Seule une reprise des investissements dans l'infrastructure des États-Unis peut créer une relance économique mondiale durable. Les États-Unis disposent de l'échelle nécessaire pour absorber l'excédent de la Chine et leur infrastructure inadéquate offre de nombreuses possibilités pour des investissements fructueux.
Ironie du sort, le nouveau mot d'ordre du FMI sur les investissements conduit finalement au retour de grands déséquilibres mondiaux. Mais loin de dénoncer cela comme un échec majeur de la coordination de la politique mondiale, les économistes devraient accepter les déséquilibres comme l'état naturel du monde et essayer de gérer les distorsions qui en résultent.
En effet, presque toutes les périodes de mondialisation et de prospérité se sont accompagnées de déséquilibres symbiotiques. Elles ont toujours provoqué des distorsions économiques et les plaintes des hommes politiques, mais la plupart ont duré étonnamment longtemps.
Prenons par exemple le commerce indo-romain qui a été le moteur de l'économie mondiale aux Ier et IIème siècles de notre ère.
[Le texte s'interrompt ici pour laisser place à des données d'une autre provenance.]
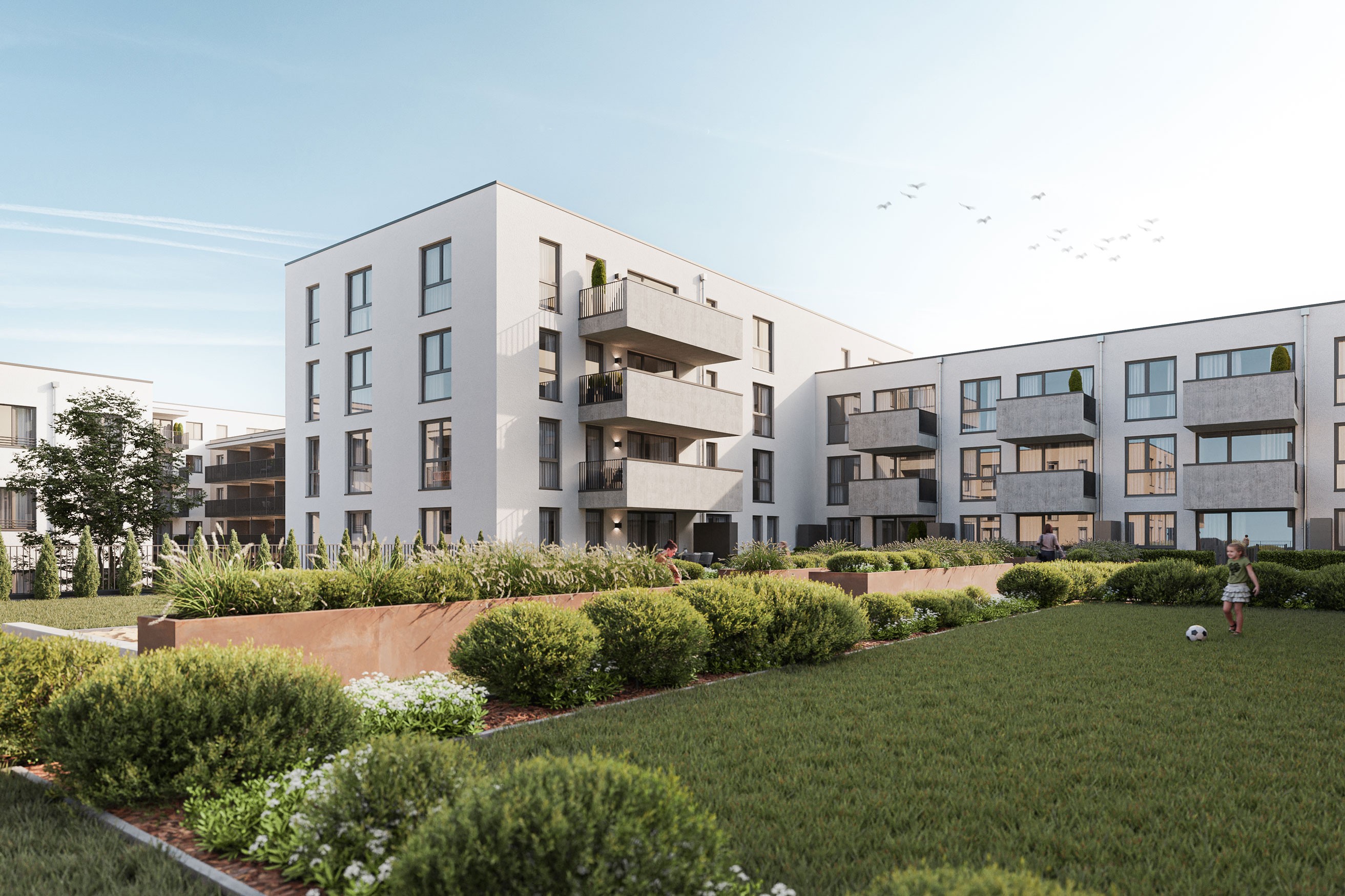In Heidenheim an der Brenz entsteht mit dem Brenzpark-Quartier ein vielseitiges Neubauprojekt, das Wohnen, Arbeiten und gemeinschaftliche Nutzung miteinander verbindet. Auf rund 9.200 m² entstehen über 100 Wohnungen sowie ergänzende Gewerbeflächen, von betreutem Wohnen und Pflegewohnen bis hin zu Büros, Arztpraxen und Gastronomie. Zur Darstellung des Projekts wurden zahlreiche Innen- und Außenvisualisierungen entwickelt. Diese geben einen umfassenden Einblick in die unterschiedlichen Bereiche des Quartiers und machen sowohl die architektonische Struktur als auch die geplante Nutzung erlebbar. So entsteht ein klares Gesamtbild, das die Vielfalt und den Charakter des Projekts verständlich vermittelt.
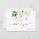 Carte De Remerciements Monogram Roses Hydrangea Alabaster Aquarelle

L'Inde a enregistré un excédent de compte courant, alors que les Romains se sont plaints de la perte de l'or, mais le système a perduré. De même, le premier système de Bretton Woods a été aidé par des capitaux européens et Bretton Woods 2 a été alimenté par des capitaux asiatiques, les États-Unis endossant les déficits dans les deux cas.
Il n'y a aucune raison que Bretton Woods 3 ne connaisse pas des déséquilibres similaires. Mais si pour une raison quelconque l'économie mondiale ne parvenait pas à décoller, nous devrions nous résigner à une longue période de croissance médiocre, dans laquelle le capital à bas prix ferait baisser les rendements, ferait monter les prix des actifs, gonfler les bulles et encouragerait la course aux actifs. Ce n'est pas le genre de déséquilibres auquel aspirent les décideurs mondiaux.
Sanjeev Sanyal est stratège mondial de la Deutsche Bank et Jeune leader mondial du Forum Economique Mondial.